Title: Constraint-based feature selection for location intelligent data mining.

Abstract:
Recommender Systems (RS) are software systems which, are designed to aid the users. They are based on the observation that, in the real world, people heavily rely on the recommendations of others when making daily decisions. Such decisions are, for example,    items to buy, what movies to see, and so forth.  Recommender Systems thus involve the design of algorithms which seek to mimic this behavior.  Recommender systems may produce non-personalized recommendations, such as best sellers’ lists; or personalized recommendations, based on person’s likes, preferences and behaviors.
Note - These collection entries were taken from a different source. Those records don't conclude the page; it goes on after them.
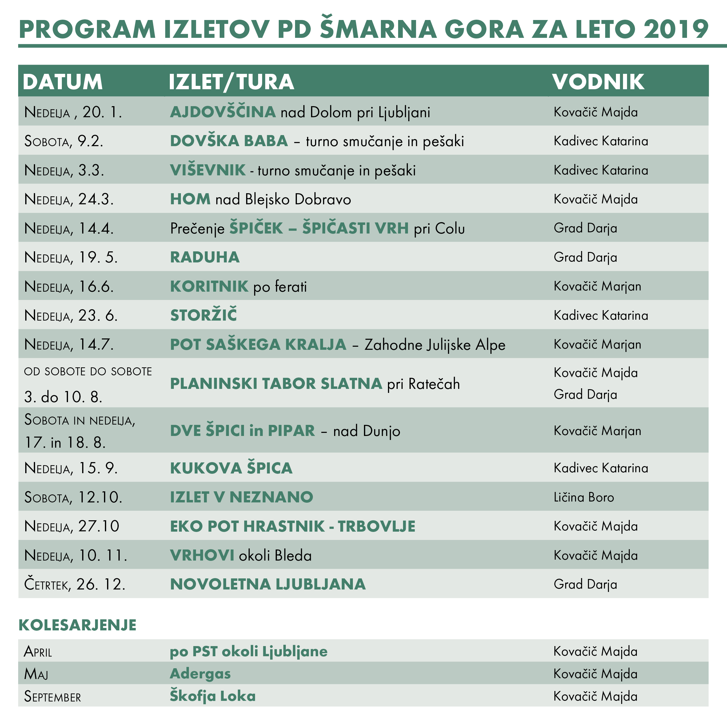 V tabeli smo zbrali vse izlete, ki jih načrtujemo v letošnjem letu.
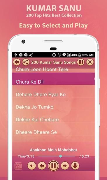 Kumar Sanu, is mostly popular playback singer in Bollywood movies.KTAppsStore brings to you great collection of Kumar Sanu top hit songs in one app.
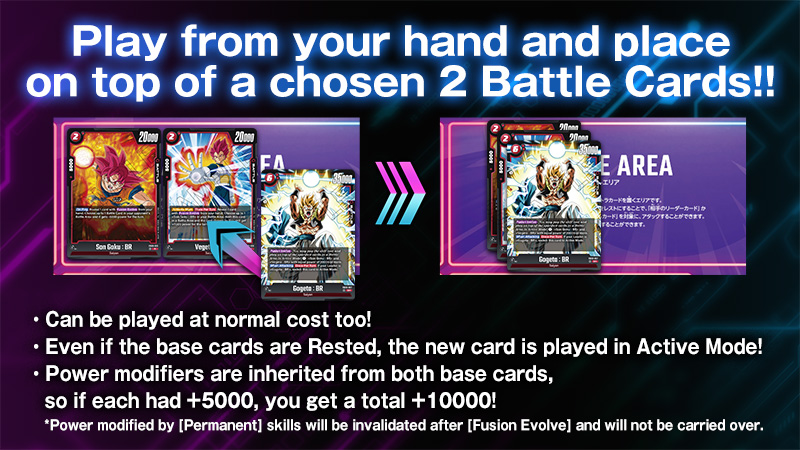 A card with [Fusion Evolve] can be played in Active Mode from your hand by stacking it on top of two specified Battle Cards with equal power
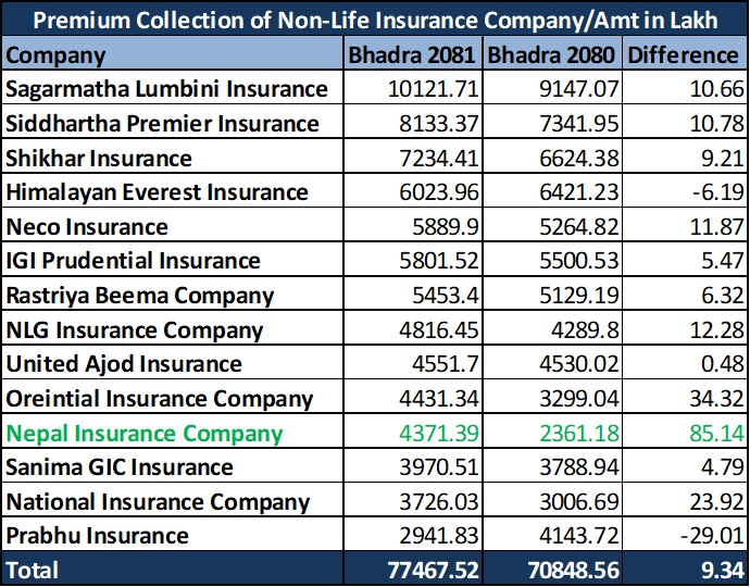 गत आर्थिक वर्षको तुलनामा निर्जीवन बीमकहरुको व्यापार ९.३४ प्रतिशतले बढेको छ। गत वर्ष भदौमा निर्जीवन बीमकहरुले ७ अर्ब ८ करोड ४८ लाख रुपैयाँ कुल बीमाशुल्क आर्जन गरेका थिए। गत वर्षको तुलनामा यो वर्ष १२ वटा बीमकको व्यापार बढेको छ भने दुईवटाको घटेको छ।
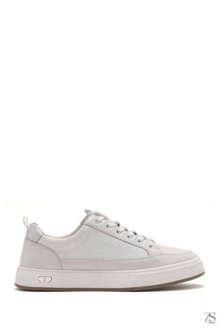 کتونی مردانه چرم سفید بنددار زیره ضخیم دری مد
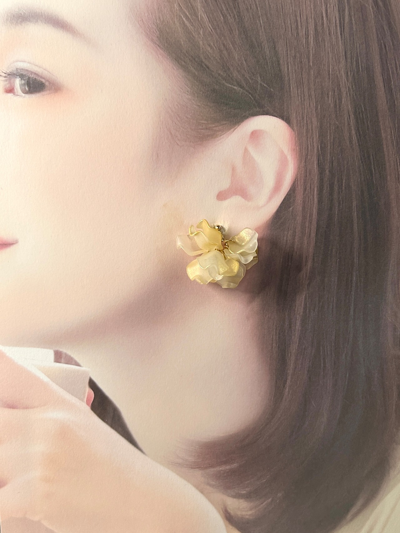 ゴールドも入ったグラデーション花びらをたっぷり使用し、ふんわり仕上げました。
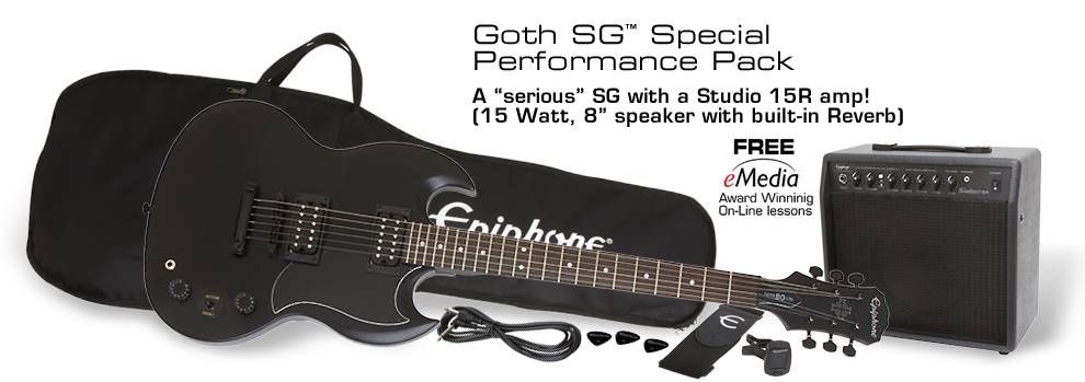 EPIPHONE ELEKTRIČNA KITARA GOTH SG SPECIAL PERFORMANCE PACK iz kategorije SG kitare sodi med odlične Električne kitare.
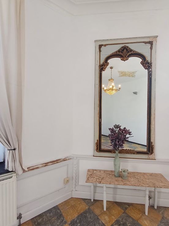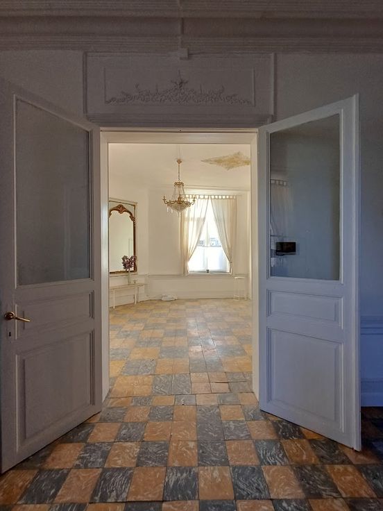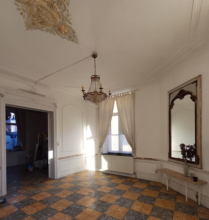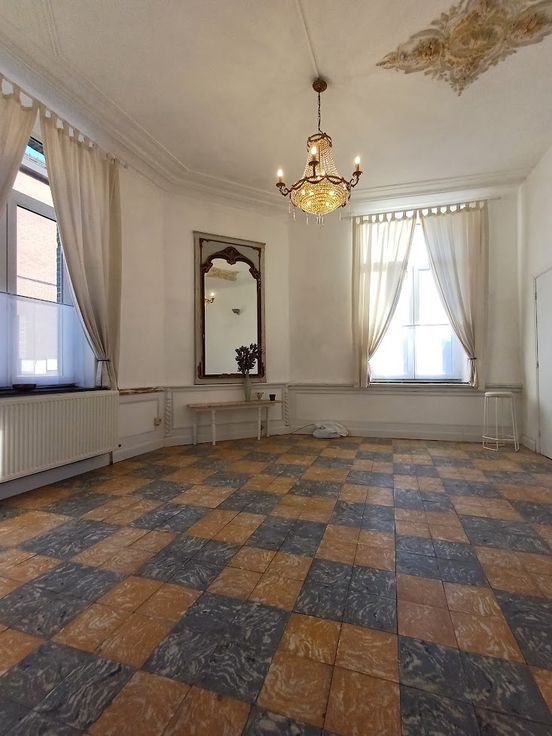 Dit klassiek appartement (75m²) met hoge plafonds en een authentieke uitstraling is de gelijkvloerse verdieping van een Herenhuis.
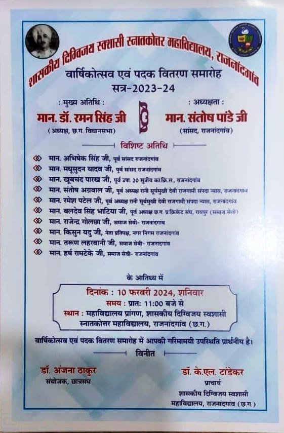 जिला महासचिव टीकेश देशलहरे एवं मेहुल कुमार ने कहा कि दिग्विजय महाविद्यालय के वार्ड के पार्षद को भी वार्षिकोत्सव समारोह के कार्ड मे नाम नही है। यहाँ बीजेपी कि ओच्छी राजनीति को दर्शता है ।
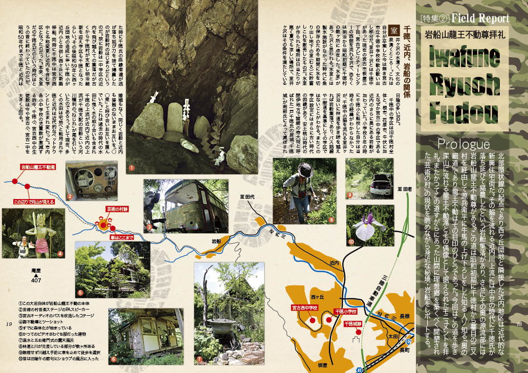北部環状線の起点であり西ヶ丘団地と隣接した近内地区は近代的な近代的な新興住宅街だ。その脇を流れる近内川上流には中世の千徳氏が落ち伸びて帰農したという岩船集落があり、さらにその奥の源流部には岩船山龍王不動滝がある。この道は昭和初期に千徳村から蟇目の二又村を経由して源兵衛平に牛馬の上げ下ろしをした知る人ゾ知る「奥の細道」であり龍王不動はその目印のひとつであった。今回はこの道を歩き深山に流れる龍王不動滝とその偶像として据えられたモニュメントを拝礼。またかつてこの道すがらにあった山間に理想郷を築くべく開墾された「芸術の村」の現状を眺めながら身近な秘境岩船をレポートする。
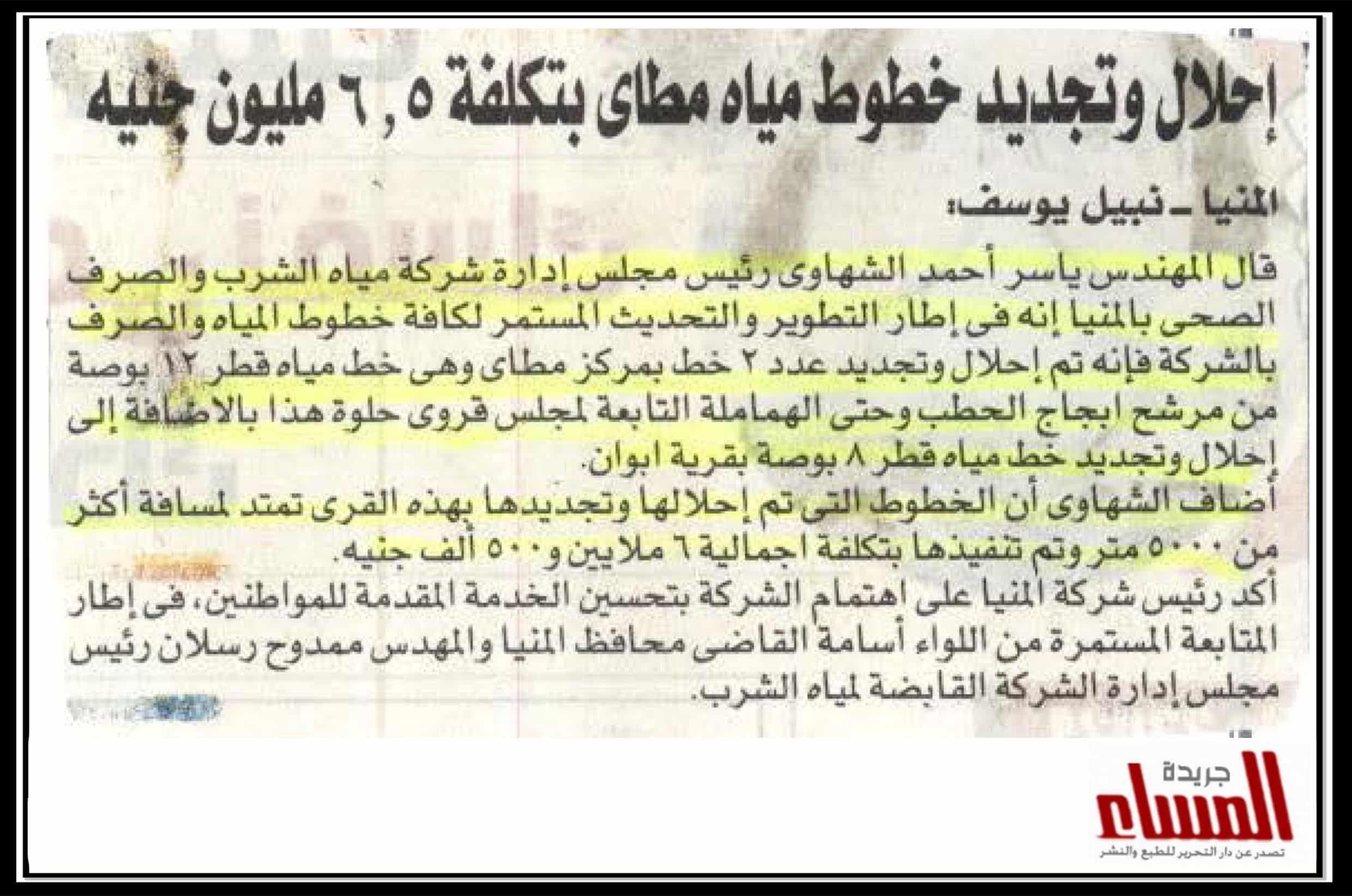 احلال وتجديد خطوط مياه مطاي بتكلفة 6.5 مليون جنية .

The new trend of system development is the creation of Recommender Systems which provide personalized services to each user. Unfortunately, the current approaches base their results on a single criterion or pattern, and require a large number of user’s data to generate accurate recommendations. Our research focuses on the creation of a multiple criteria RS, which is tailored for a specific user at a specific location. Our algorithm creates a personalized preference model for each user, based on location aware (user current location and level of mobility), special needs, and user profile. User profiles are generalized from a large scale demographic database. We describe our algorithm and show a case study where we applied our methodology within the PeRS (Personal Recommender System) environment to recommend “events” (festivals/fairs, exhibitions, etc), in the Ottawa region.